A great first recipe is pulled pork. It takes a while, but is relatively simple. I'm a member of this site, and while it is focused on Weber, the concepts and recipes work on any cooker, and many of the members use serveral different kinds. Check out the recipes (under cooking topics) and the forums - it's a very friendly place: http://virtualweberbullet.com/


----------



## Putterrr (Dec 29, 2014)

Congrats. I haven't seen the smoker you list but I do have a Big Green Egg ceramic smoker. Adding a smokey flavour to BBQ's adds a whole new layers to cooking. 

The one thing I would suggest is a verg good thermometer. I suggest the Thermopen. Pricey but 3 second readings makes it the choice of chefs everywhere. The green egg owners have a website for tips, techniques and recipies. Perhaps your smoker has the same. 

I suggest you try a spatchcock chicken as it is simple and easy. 

http://www.nakedwhiz.com/spatch.htm

I would just cut down one side of the backbone and leave it attached. That way when put the bones in your slow cooker for soup, you will have extra flavour and meat.

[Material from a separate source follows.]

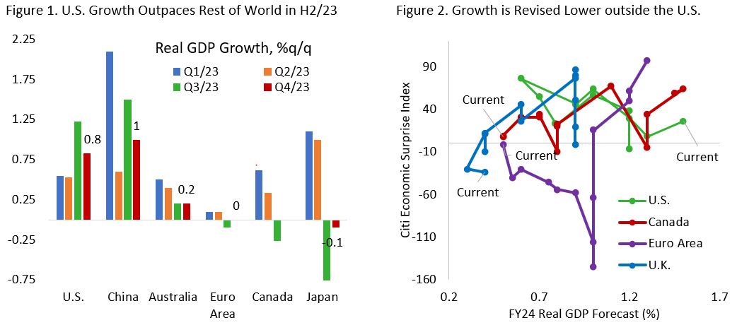 Euro Area managed to avoid technical recession with Q4/23 GDP being flat after a slight contraction in the prior quarter as the region is still reeling from the impact of the war in its Eastern front and higher interest rate. Meanwhile, China, Europe’s second largest export market is in deflation amid lackluster consumer confidence, property sector crisis, and the reluctance of Beijing bailing out local governments. In Canada, strong immigration masked the ongoing recession on a per-capita basis that started few quarters ago. Figure 2 shows that the trajectory of real GDP forecast for this year and economic surprises have been lower in Europe, Canada, U.K., and other major countries, in contrast to the upgrades seen in the U.S.

The nakedwhiz site has lots of stuff. Mostly geared to my type of smoker but the principals are the same.

I love my green egg as much as making wine. I'm sure you will enjoy yours

cheers


----------



## Putterrr (Dec 29, 2014)

Boatboy24 said:


> Congrats! It's never too cold to grill or smoke. Then again, I don't live in Manitoba. :>
> 
> A great first recipe is pulled pork. It takes a while, but is relatively simple. I'm a member of this site, and while it is focused on Weber, the concepts and recipes work on any cooker, and many of the members use serveral different kinds. Check out the recipes (under cooking topics) and the forums - it's a very friendly place: http://virtualweberbullet.com/


 
Jim if you haven't, give the Turbo Pulled pork a try. Still great flavour but less than 5 hours. vs 12-18 depending on equipment and size of meat


----------



## Jericurl (Dec 29, 2014)

OMG, I'm so excited for you.

Manthing got a big BBQ grill combo thing this last summer. One side of it is a smoker.

He's had to dink around and make some adjustments on it to get it working the way he wants.

He's made several briskets with it and wants to buy a whole turkey and smoke it as well.

I have no advice really, I don't smoke anything except for deviled eggs, but I will look forward to you posting more about your adventures with it.


----------



## Boatboy24 (Dec 29, 2014)

I agree with @Putterrr on the Thermopen. Great piece of gear. 

And the nakedwhiz site is a good one. When you cook your first turkey on that new smoker, use the "Mad Max" gravy recipe. It is awesome.


----------



## richmke (Dec 29, 2014)

In the cold season, I suggest cold smoking bacon (pork belly).

To generate smoke, without a lot of heat, I suggest one of these:
http://www.amazenproducts.com/ProductDetails.asp?ProductCode=AMNPS5X8


----------



## Steve_M (Dec 29, 2014)

I got a Weber Smoky Mountain 22 1/2 as well. Thinking about firing it up for New Years Day.

Another site I often visit for recipes is http://www.amazingribs.com


Steve


----------



## Boatboy24 (Dec 29, 2014)

@richmke is right. Colder weather is perfect for bacon. And cheese.


----------



## the_rayway (Dec 29, 2014)

Sweet, thanks for the feedback everyone!

It's minus 30c today, and I'm thinking since the bottom is 'open' it might be a bit too cold right now, but if it comes down to -20 or so I'm totally going to give bacon a go. I was googling recipes and drooling this morning. We have a Chinese grocery that always stocks 50-70 fresh pork bellies in their butcher's cooler each day. Pulled pork is a good one too. Oooohhhhh yum!

Cheese would also be awesome, I love the smoked mozza and goudas from our local cheesemaker, so I might pick some up for a try at making my own.

I'm going to check these sites out too - I'm loving that you all know so much about this new hobby!


----------



## Putterrr (Dec 29, 2014)

https://griffinsgrub.wordpress.com/

this gentleman also knows how to cook on the BBQ/smoker


----------